Can the countries on a map be colored with three colors in such a way that no two adjacent countries have the same color?

use P ::= ZZ/(3)[x[1..6]];
define F(X)  return X*(X-1)*(X+1);  enddefine;
VerticesEq := [ F(x[i]) | i in 1..6 ];
edges := [[1,2],[1,3],  [2,3],[2,4],[2,5],  [3,4],[3,6],
          [4,5],[4,6],  [5,6]];
EdgesEq := [ (F(x[edge[1]])-F(x[edge[2]]))/(x[edge[1]]-x[edge[2]])
                  |  edge in edges ];
I := ideal(VerticesEq) + ideal(EdgesEq) + ideal(x[1]-1, x[2]);
ReducedGBasis(I);

[x[2],  x[1] -1,  x[3] +1,  x[4] -1,  x[6],  x[5] +1]

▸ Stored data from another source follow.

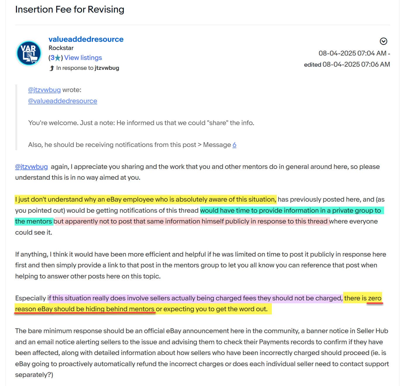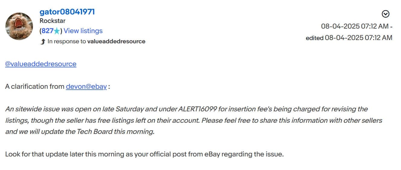 For example, last month when a technical issue caused some sellers to be incorrectly charged insertion fees for editing listings, it was community Mentors who were left to provide an explanation after one of the official eBay employees in the community abandoned the discussion.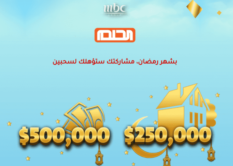 ويمكن النقر في الأسفل للوصول إلى رابط اشتراك مسابقة الحلم لعام 2022، حيث تفتح لك نافذة زرقاء وعليها كلمة (حلم، بشهر رمضان مشاركتك ستؤهلك لسحبين، 250 ألف دولار، 500 ألف دولار).
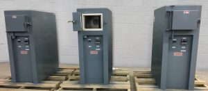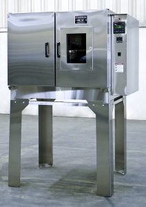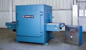 No. 807 is a cooling chamber from Grieve, currently used for cooling oven trucks of steel parts at the customer's facility. Workspace dimensions of this cooling chamber measure 84" W x 96" D x 72" H. 7,000-cfm, 7.5-hp, remote-mounted exhaust blower is used to pull room air through load and exhaust.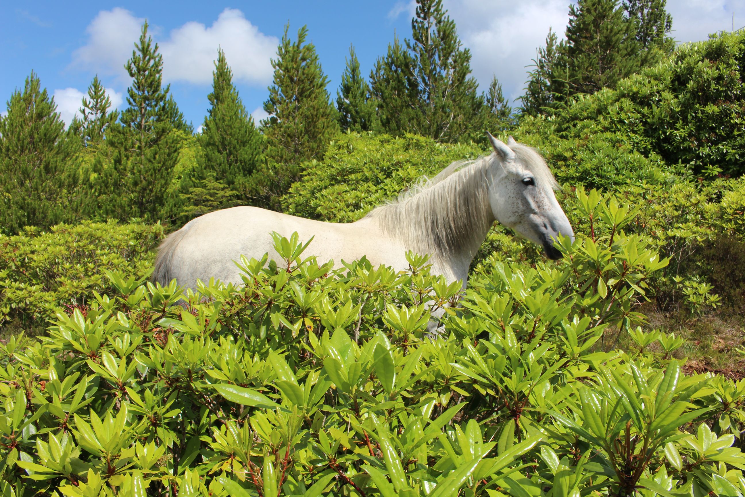 Beim Zurücklaufen durch das Moor blieb Fabian plötzlich stehen und deutete nach vorne. Wir hatten an diversen Stellen schon Pferdedung gesehen, doch niemand hatte damit gerechnet, dass das Pferd uns bis hierhin folgen würde. Doch dort zwischen einigen Büschen stand es und graste. Leider stand es genau neben dem Trampelpfad und da wir das Pferd nur von der Beschreibung her kannten, wollten wir ihm nicht zu nahe kommen.
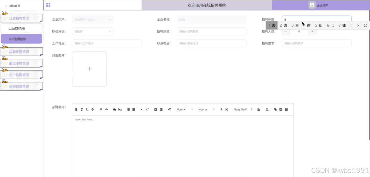 管理员添加企业招聘信息界面测试: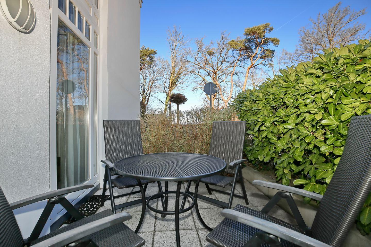 Moderne 2-Zimmer-Ferienwohnung mit seitlichem Ostseeblick und Terrasse in Kühlungsborn, 50 m vom Strand entfernt.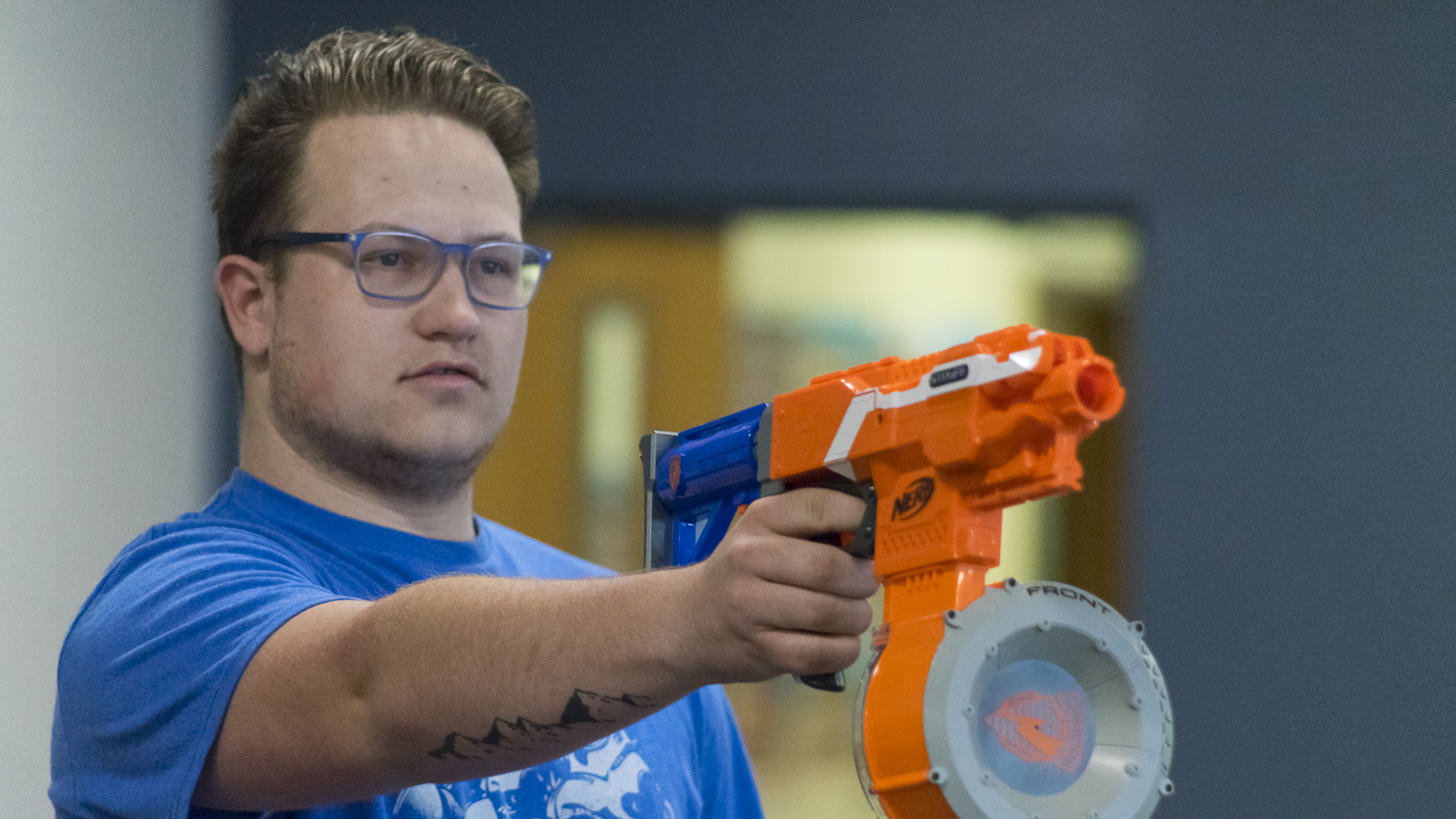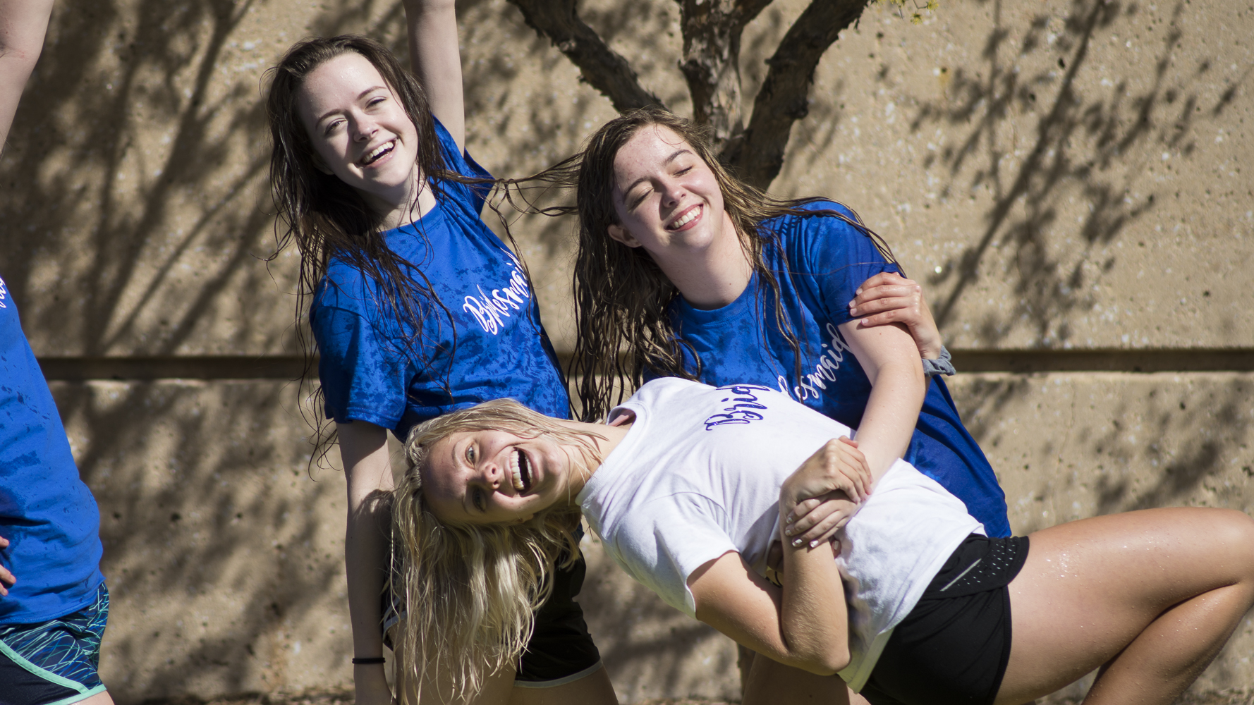 Other Saturday events included the Sync Swim, where teams performed synchronized dance routines in kiddie pools, and an obstacle course that stretched through the Thom Leadership Education Center. The course included running up the eight flights of stairs commonly known as TLEC mountain, singing songs, and helping blindfolded teammates through a hallway of balls and pool noodles.

The interpretation is that there is indeed a coloring in this case. For instance, if 0 means blue, 1 means red, and -1 means green, we get [country 1 = red; country 2 = blue; country 3 = green; country 4 = red; country 5 = green; country 6 = blue]

Heron's Formula

Is it possible to express the area of a triangle as a function of the length of its sides?

use QQ[x[1..2],y,a,b,c,s];
A := [x[1], 0];
B := [x[2], 0];
C := [ 0,   y];
Hp := ideal(a^2 - (x[2]^2+y^2),  b^2 - (x[1]^2+y^2),
            c   - (x[2]-x[1]),   2*s - c*y);
E := elim(x[1]..y, Hp);
f := monic(gens(E)[1]);
f;

a^4 -2*a^2*b^2 +b^4 -2*a^2*c^2 -2*b^2*c^2 +c^4 +16*s^2

factor(f - 16*s^2);

record[
  RemainingFactor := 1,
  factors := [a +b -c,  a -b +c,  a +b +c,  a -b -c],
  multiplicities := [1,  1,  1,  1]
]

The interpretation is that we have s^2 = -(1/16)(a+b+c)(a+b-c)(a-b+c)(a-b-c). This means that the square of the area of a triangle with sides a, b, c is p(p-a)(p-b)(p-c) where p = 1/2(a+b+c) is the semiperimeter. Hence the answer is YES.